• _ACTION ITEM_: Reproduce each line of the material that follows, word for word.

■ ■ ■

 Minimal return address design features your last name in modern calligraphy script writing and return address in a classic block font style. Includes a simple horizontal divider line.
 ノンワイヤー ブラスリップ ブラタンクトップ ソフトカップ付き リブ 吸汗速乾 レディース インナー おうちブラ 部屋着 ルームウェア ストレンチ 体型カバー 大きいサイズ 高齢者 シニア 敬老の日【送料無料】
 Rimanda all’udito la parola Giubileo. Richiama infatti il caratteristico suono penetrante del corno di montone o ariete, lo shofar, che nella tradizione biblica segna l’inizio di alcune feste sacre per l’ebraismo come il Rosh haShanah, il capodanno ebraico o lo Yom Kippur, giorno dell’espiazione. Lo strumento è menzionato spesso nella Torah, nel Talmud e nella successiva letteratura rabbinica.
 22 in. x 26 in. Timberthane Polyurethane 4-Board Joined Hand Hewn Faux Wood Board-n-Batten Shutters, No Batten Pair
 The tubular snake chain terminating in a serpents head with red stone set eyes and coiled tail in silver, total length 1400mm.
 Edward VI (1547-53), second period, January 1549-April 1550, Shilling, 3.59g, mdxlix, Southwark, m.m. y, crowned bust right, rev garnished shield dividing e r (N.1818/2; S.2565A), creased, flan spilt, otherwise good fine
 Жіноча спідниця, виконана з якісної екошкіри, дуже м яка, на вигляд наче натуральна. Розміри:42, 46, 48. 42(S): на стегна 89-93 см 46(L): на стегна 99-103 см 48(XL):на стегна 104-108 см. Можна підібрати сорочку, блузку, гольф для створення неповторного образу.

■ ■ ■

• _TASK RESPONSE_:
 Minimal return address design features your last name in modern calligraphy script writing and return address in a classic block font style. Includes a simple horizontal divider line.
 ノンワイヤー ブラスリップ ブラタンクトップ ソフトカップ付き リブ 吸汗速乾 レディース インナー おうちブラ 部屋着 ルームウェア ストレンチ 体型カバー 大きいサイズ 高齢者 シニア 敬老の日【送料無料】
 Rimanda all’udito la parola Giubileo. Richiama infatti il caratteristico suono penetrante del corno di montone o ariete, lo shofar, che nella tradizione biblica segna l’inizio di alcune feste sacre per l’ebraismo come il Rosh haShanah, il capodanno ebraico o lo Yom Kippur, giorno dell’espiazione. Lo strumento è menzionato spesso nella Torah, nel Talmud e nella successiva letteratura rabbinica.
 22 in. x 26 in. Timberthane Polyurethane 4-Board Joined Hand Hewn Faux Wood Board-n-Batten Shutters, No Batten Pair
 The tubular snake chain terminating in a serpents head with red stone set eyes and coiled tail in silver, total length 1400mm.
 Edward VI (1547-53), second period, January 1549-April 1550, Shilling, 3.59g, mdxlix, Southwark, m.m. y, crowned bust right, rev garnished shield dividing e r (N.1818/2; S.2565A), creased, flan spilt, otherwise good fine
 Жіноча спідниця, виконана з якісної екошкіри, дуже м яка, на вигляд наче натуральна. Розміри:42, 46, 48. 42(S): на стегна 89-93 см 46(L): на стегна 99-103 см 48(XL):на стегна 104-108 см. Можна підібрати сорочку, блузку, гольф для створення неповторного образу.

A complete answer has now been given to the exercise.